25.1.18

10 Easy Ways To Break The Average Family

Ah families. Before you have children you and your other half chat about all the things you will to together when you become a unit. The adventures you will have. Experiences you will enjoy with your offspring. It's going to be magical. It's going to be wonderful. It's going TO NEVER HAPPEN. As it becomes clear that there are certain situations that no matter what will break the average family. Even a family that actually gets on can be tried and tested and one if not all of them will end up crying or whisper swearing. So here are 9 ways that are guaranteed to ruin a wonderful family experience and make you wish you never bothered.

1. Car Journeys
You have organised a wonderful holiday. You have forward planned and made sure each child has a tablet, snacks, their favourite toy and poundland stickers. Still within 20 minutes your car? BECOMES A TINY JAIL OF HELL! Tablets are dropped on the floor and no-one can reach them. Someone hit someone in the face with a toy. Someone is crying they want the window open and someone says they feel sick. You threaten to go home at least 86 times. But know you never will and have at least 5 f*cking hours till you get to your destination.

2. Meals Out
Technically what could go wrong? You're out together as a family celebrating a birthday. You don't have to cook. You don't have to clean up. Sounds glorious. But then for some inexplicable reason your food takes an hour to come. You can't find the Wifi code so your kids can't watch Kinder Eggs being opened on your phone. Someone spills a drink. Someone tips salt everywhere and when the chips finally arrive? They are hotter than the sun. People stare and you wish you had celebrated in a drive through like last year.

WHERE IS THE FOOD?!

3. Board Games
"Let's be educational!" you think. "Let's play a game!" you announce. You get Pie Face set up, or could be Head Bandz. And for the first round it seems that everyone is going to get on and "play nicely". Then someone cheats? Then someone loses a round and bursts into tears. Then someone decides to just smash the game up and then you vow "NEVER AGAIN" and go back to watching TV.

4. Staying In Hotel Rooms
No joy can be found in hotel rooms with small humans. Much like the 'tiny jail of hell car journey' you took to get to the hotel you are now in a tiny room of hell. But one where the prisoners can run around and turn the lights off and on, jump on the beds they refuse blankly to go in and eventually pass out where you were meant to sleep. You end up hanging off a single bed at 8pm wondering whether you should lie in the bath and watch YouTube on your phone but are scared in case you wake the little monsters up

I plan to smash this Dobble in your face

5. Clothes Shopping
"I'm going to treat you all to a nice outfit!" you exclaim. You go into town. On a Saturday afternoon. And realise that this was the worst idea you've ever had. Once you finally manage to drag your small humans out of the Disney store crying. It becomes clear that every shop makes you sweat like a pig, your daughter refuses to try on anything other than sequined mini dresses that says 'LOL' coming out of a unicorns ar*ehole and your son enjoys hiding under the t-shirts while people stare tutting. You use the word "overtired". A lot.

6. Food Shopping
Just when you think that you can manage to take your children food shopping. Remember THAT YOU CAN'T. Asda always puts kids magazines at the front (the f*cker) so you either cave in and spend a tenner on that crap or endure screaming for an hour. You then have to avoid every aisle that has Paw Patrol products in. I swear to God there must be Paw Patrol tampons somewhere, their faces gets on everything. Old people stare. You sweat and leave with nothing. Bar a £10 magazine the child immediately rips up and leaves in the car.

7. Sunday Morning
Should be relaxing. A time to bond. But more often than not it's a time to wonder when the f*ck the local softplay is open and what they hell are you going to do to entertain your little ones for four hours. Your husband has had ANOTHER lie in so you want to kill him and if you could reasonably inject caffeine into your eye balls? You would.

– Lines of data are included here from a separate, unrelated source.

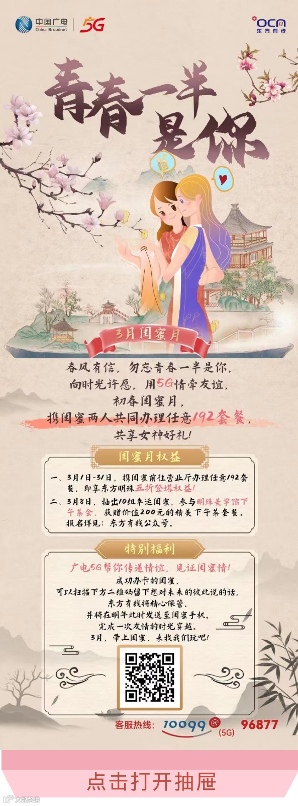 除了线下3月8日的活动,整个闺蜜月,有线君都为大家准备了特别的福利。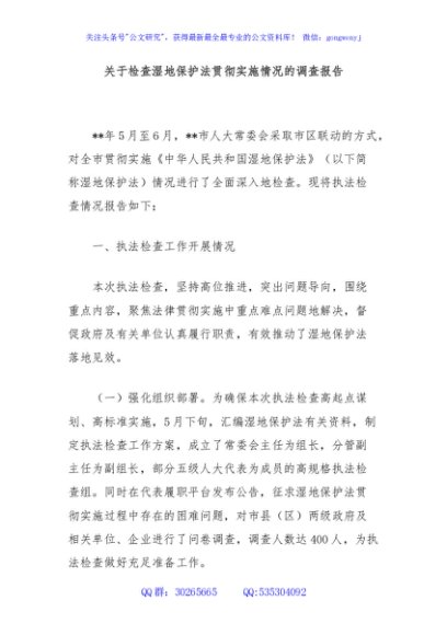 / 关于检查湿地保护法贯彻实施情况的调查报告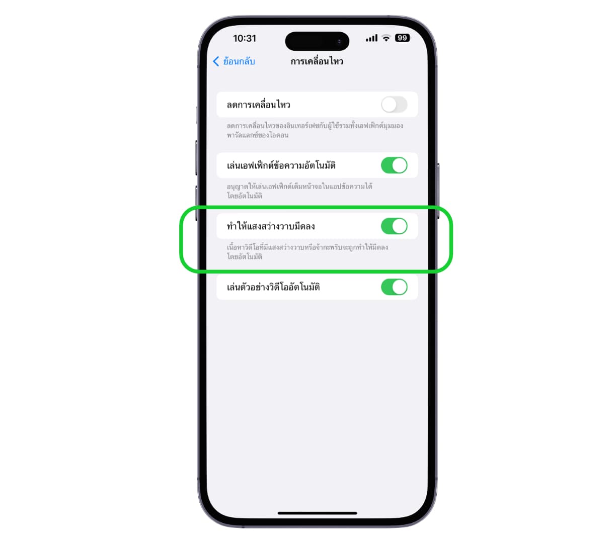 เปิดการตั้งค่าได้โดย ไปที่ การตั้งค่า > การช่วยการเข้าถึง > การเคลื่อนไหว > เปิด “ทำให้แสงสว่างวาบมืดลง”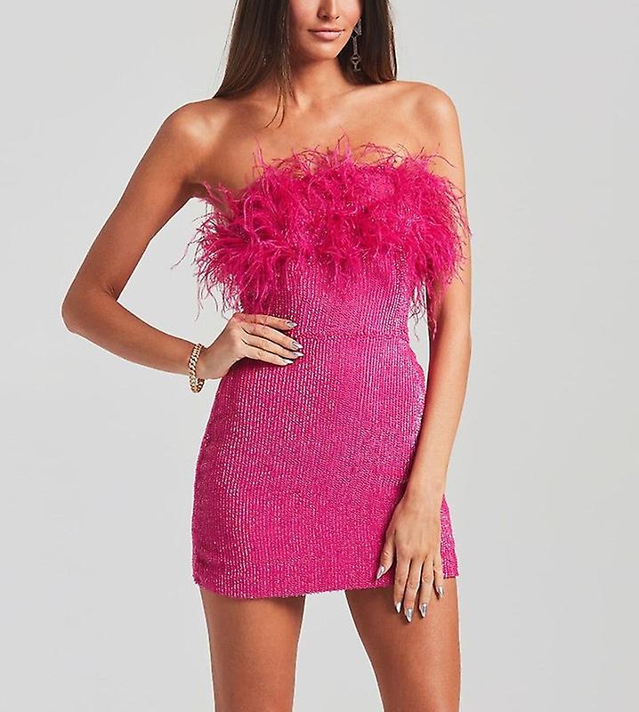 Women's Sparkly Sequin Dress Strapless Feather Tube Dress Sexy Bodycon Mini Dress Prom Dresses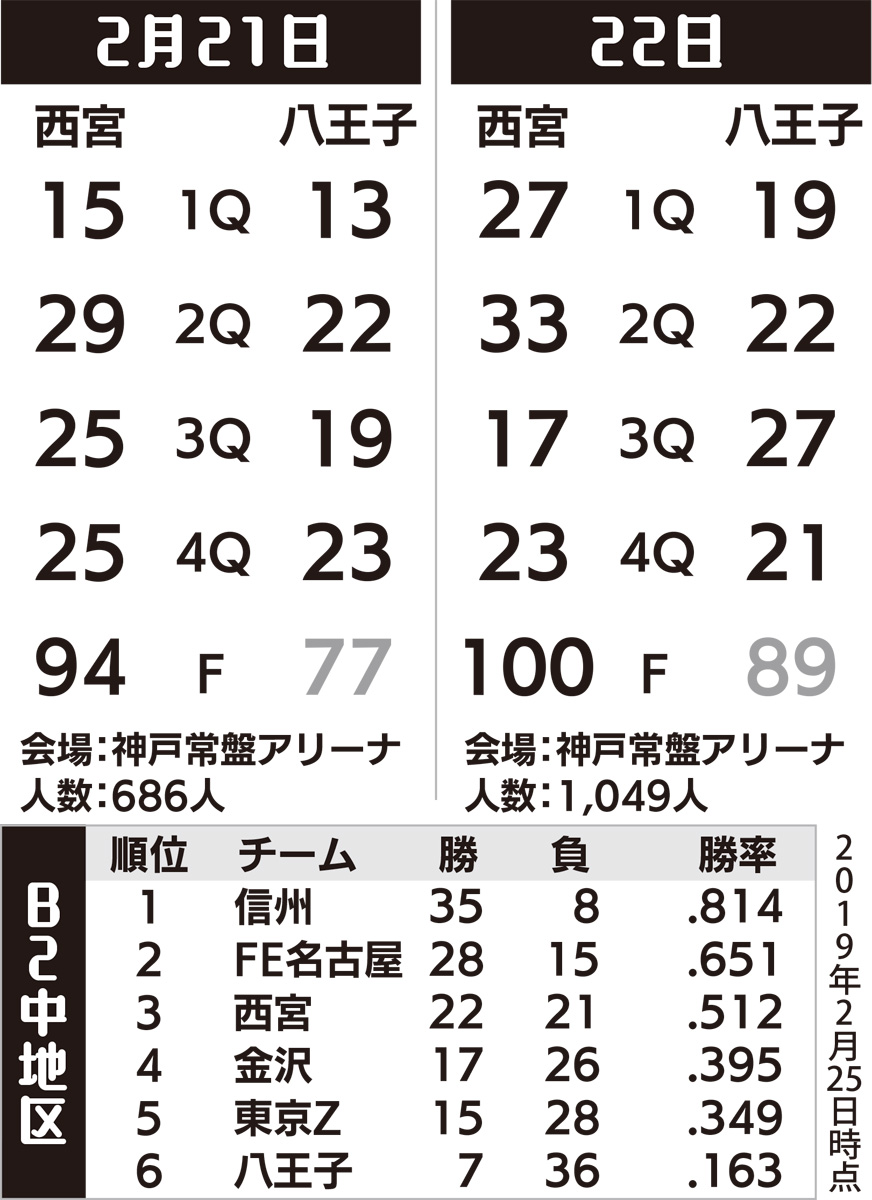 プロバスケB2東京八王子ビートレインズ(中地区)は2月21、22日、兵庫県で西宮ストークス(同)と戦った。21日は77-94、22日は89-100で敗れた。

Rain is no Mother's friend

8. Rainy Days
See Sunday Morning. BUT IT LASTS FOR A WHOLE DAY. This is also when you most often attempt 3) Board Games #sadtimes

9. A Nice Long Walk In The Country
A lovely long walk. What could go wrong? We can take instagrams and feel like right proper middle class people. Until it dawns on you it's all fun and games until NO-ONE WANTS TO FOOKING WALK ANYMORE. One ends up on Dad's shoulders. One cries most of the way and then dramatically falls over in a pile of dog turd Ace.

10. Choosing A Family Film
I dreamt of a day where we could sit around and enjoy a family film together. You know like you see on cheesy American films. We would eat popcorn. The fire would be on. We would be united. What I didn't bank on was that no-one wants to watch the same film. Two of us hate popcorn. And when we finally do pick a film someone will be shouting "BUT I HATE THIS!" all the way through. And that's just my husband.